As defined by Denning [9], the working set of a process is the set of memory pages it is effectively using at a given moment, including code, data, stack, and heap pages. When the available RAM space is not enough to hold the working sets of all the active processes, paging activity increases, to free RAM space and to load the memory pages requested by the processes. Consequently, the system performance degrades, because the operating system should spend some effort doing I/O to save/retrieve pages to/from the disk, and because processes should wait for the pages they need to be available.
When physical memory is under a stressing demand, a memory thrashing situation may occur. Under such situation, CPU usage falls and the system becomes almost unresponsive, since the application processes are continuously waiting for memory pages to continue their execution. This paper presents a quantitative evaluation of some popular general-purpose operating systems under thrashing conditions.
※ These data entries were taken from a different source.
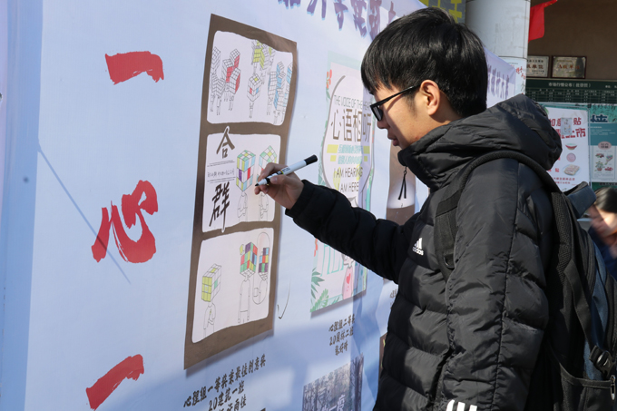 展览现场热闹非凡,气氛活跃,过路的师生纷纷接过现场工作人员提供的笔,在2020这非凡的一年的最后一天为自己最喜欢的海报投票,选出他们认为最使他们感动的海报。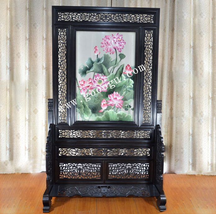 蘇繡玄關屏風 精品荷花 手工刺繡 紫檀架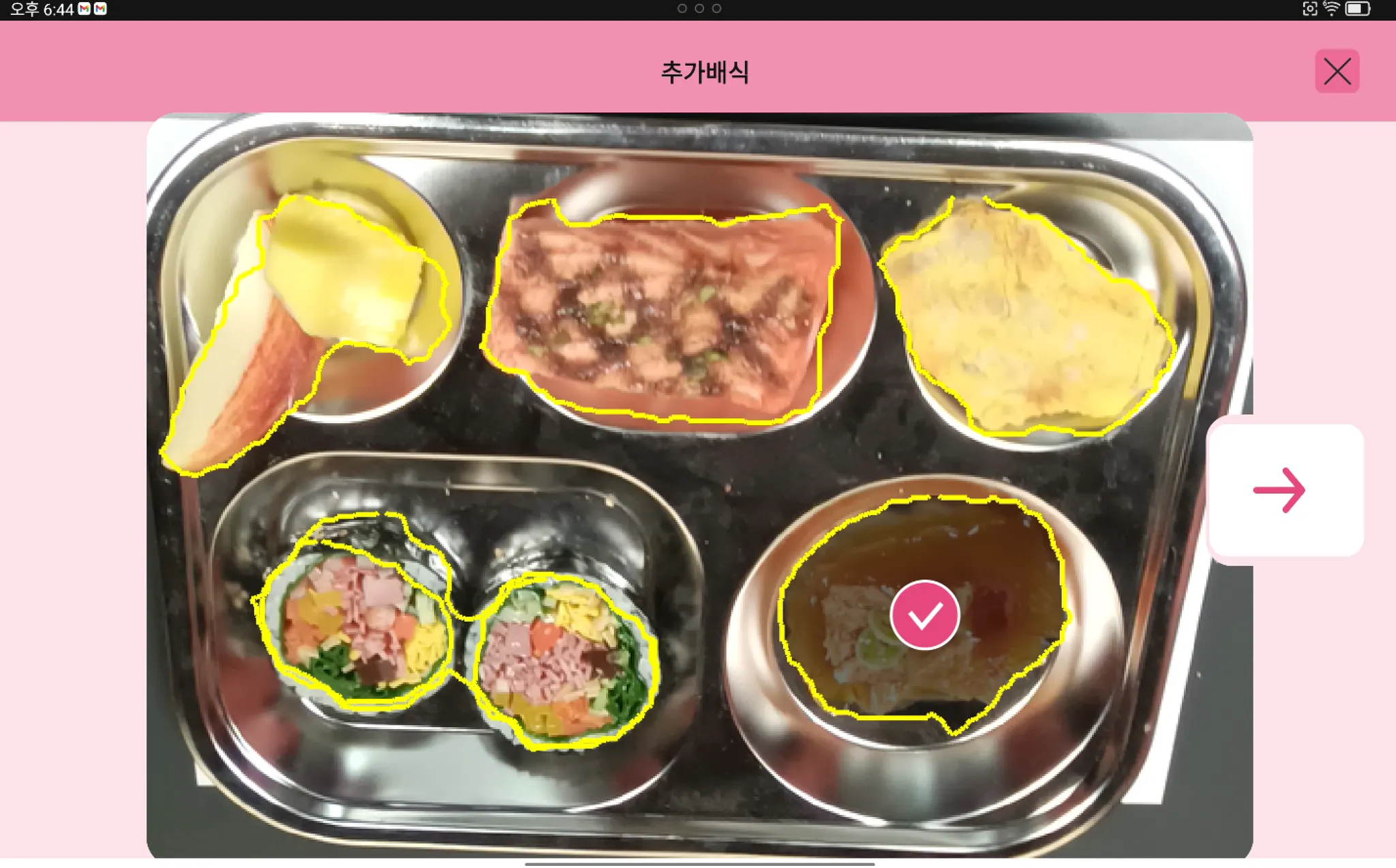 추가 배식 식판을 촬영하지 않아도 돼요!

We selected four commodity operating systems and defined our own benchmark tool, which induces a controlled thrashing situation in each operating system under study and then brings it back to normality.
This text is organized as follows: Sect. 2 revisits the concept of memory thrashing, presents some proposed solutions, and discusses how current commodity operating systems deal with it; Sect. 3 presents some benchmark tools used to measure memory performance in computing systems; Sect. 4 discusses the benchmark strategy adopted in this work, presents the developed benchmark tool, and indicates how memory performance measurements were taken in each operating system under study; Sect. 5 describes the experiments performed and analyses the results obtained; finally, Sect. 6 concludes the paper.
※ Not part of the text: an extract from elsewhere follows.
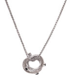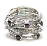 Por su parte, los anillos y pendientes a juego continúan con el tema entrelazado y se ofrecen en un trío a juego en plata y negro, oro rosado y blanco, o plata con un cable blanco y piedras blancas. Coordinando los pendientes y collares se puede hacer un impacto dramático, con anillos entrelazados colgados de una cadena de 45 cm.

This paper is based in a previous work [10], published in a Brazilian workshop (in Portuguese). The present paper includes more details about the experiments performed and a much deeper analysis of their results.
Memory thrashing
The term memory thrashing [8] refers to a situation of memory stress on a computer, in which a large amount of paging I/O activity slows down the execution of processes and makes the system unusable. The dynamics of thrashing in a page-based memory system is somewhat simple: the set of memory pages a process needs for its execution at a given moment is called its working set [9]. If a process does not have its current working set entirely in RAM memory, it generates page faults to retrieve the missing memory pages from the swap area in disk. If the amount of RAM available in the system is not sufficient to hold the working sets of all the active processes, the memory management needs to continuously swap-out (save to disk) pages from some processes to swap-in (load from disk) requested pages for other processes. Due to this cascading effect, the processes’ execution evolves very slowly, since they spend most of their time waiting for the pages they need to be loaded into the RAM. Thus, the CPU usage falls down and the system becomes almost unresponsive.
The thrashing phenomenon is influenced by several factors, such as the amount of RAM memory available, the number and size of the active processes, the locality of reference of their execution, the algorithms used for page selection (for swap-outs) and the disk I/O speed [8]. An obvious remedy for this situation would be to increase the amount of RAM memory available in the system, but this is not always possible and may not solve the problem. In fact, it just pushes the thrashing threshold and consequently reduces the probability of its occurrence, but does not change the system behavior whenever a memory thrashing occurs.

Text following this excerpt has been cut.